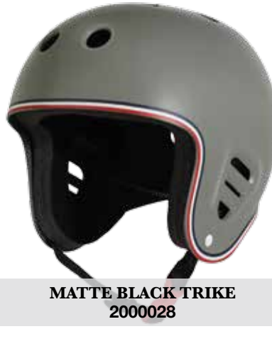
MATTE BLACK TRIKE 2000028
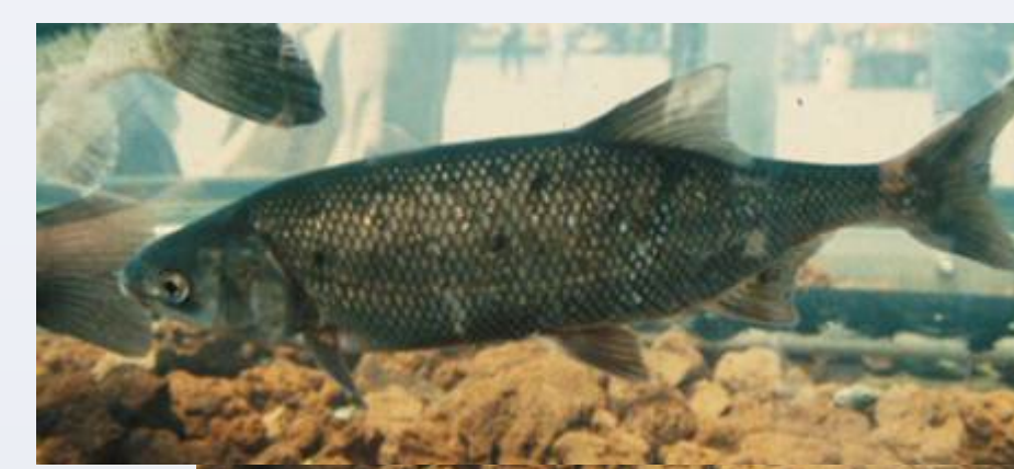
Clear Lake hitch, photograph courtesy of Rick Macedo
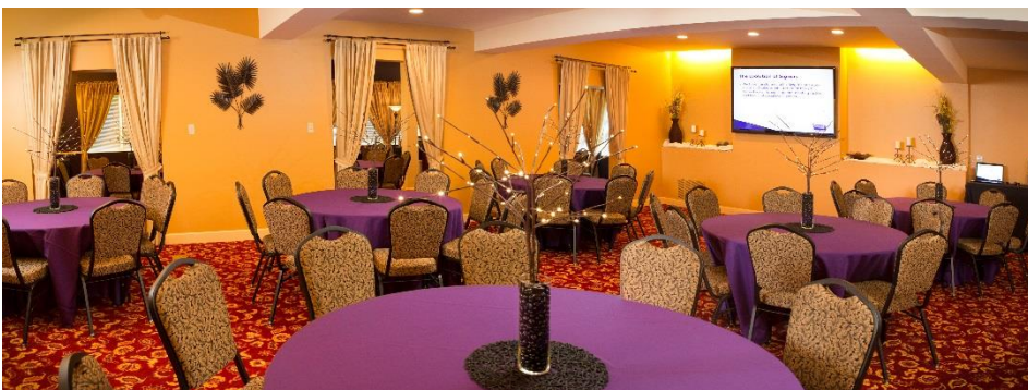
Alpha Room set up with banquet rounds
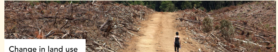
Change in land use
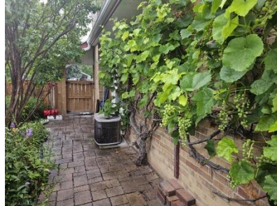
Pic. 5: Side view
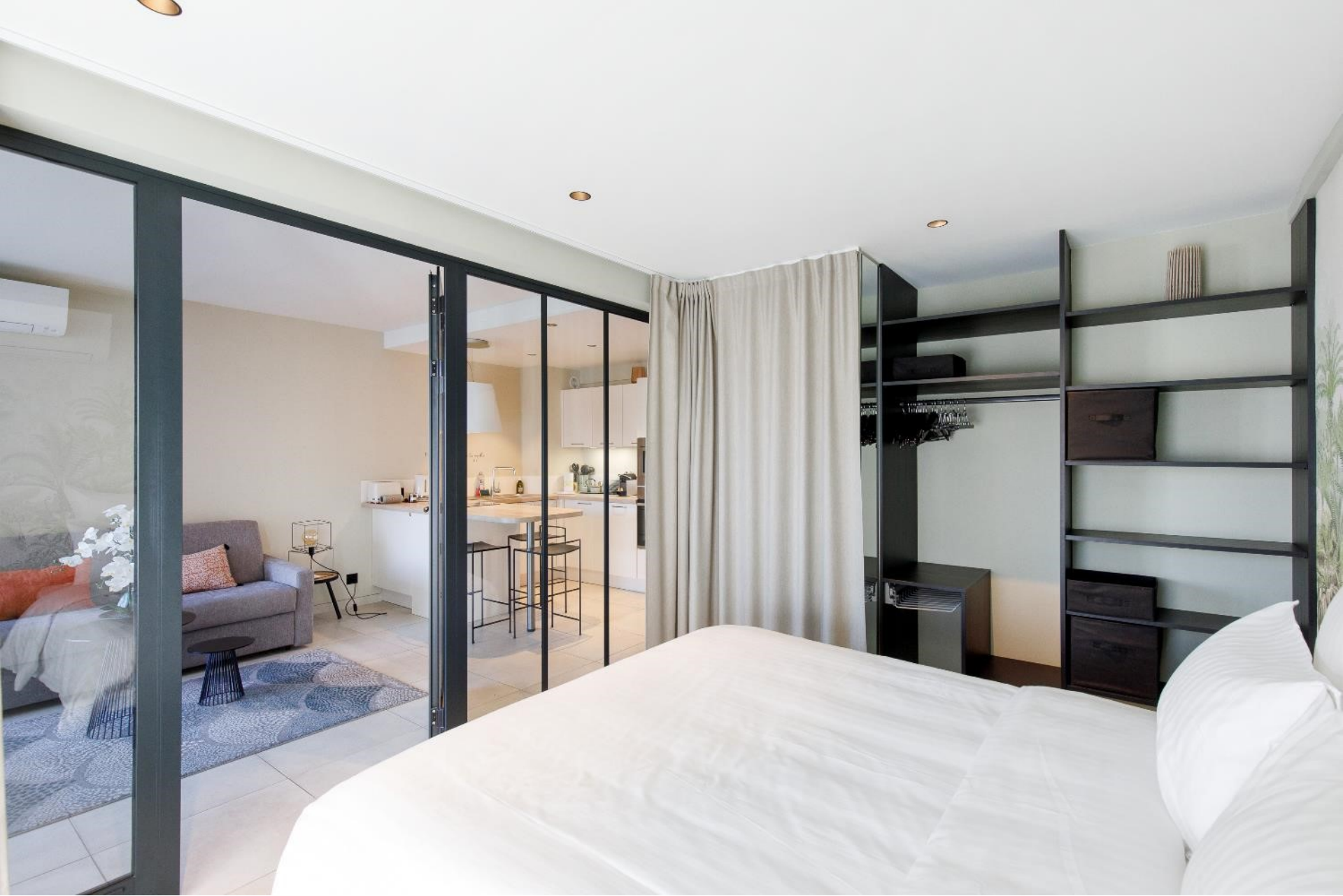
Nice dressing area in the bedroom
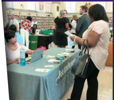
Spring Job Fair at Paschalville

* * * * *

## WHAT THE EXERCISE ASKS
Leave out the pictures and give the rest of the material again, unaltered.

## WRITTEN SOLUTION
MATTE BLACK TRIKE 2000028
Clear Lake hitch, photograph courtesy of Rick Macedo
Alpha Room set up with banquet rounds
Change in land use
Pic. 5: Side view
Nice dressing area in the bedroom
Spring Job Fair at Paschalville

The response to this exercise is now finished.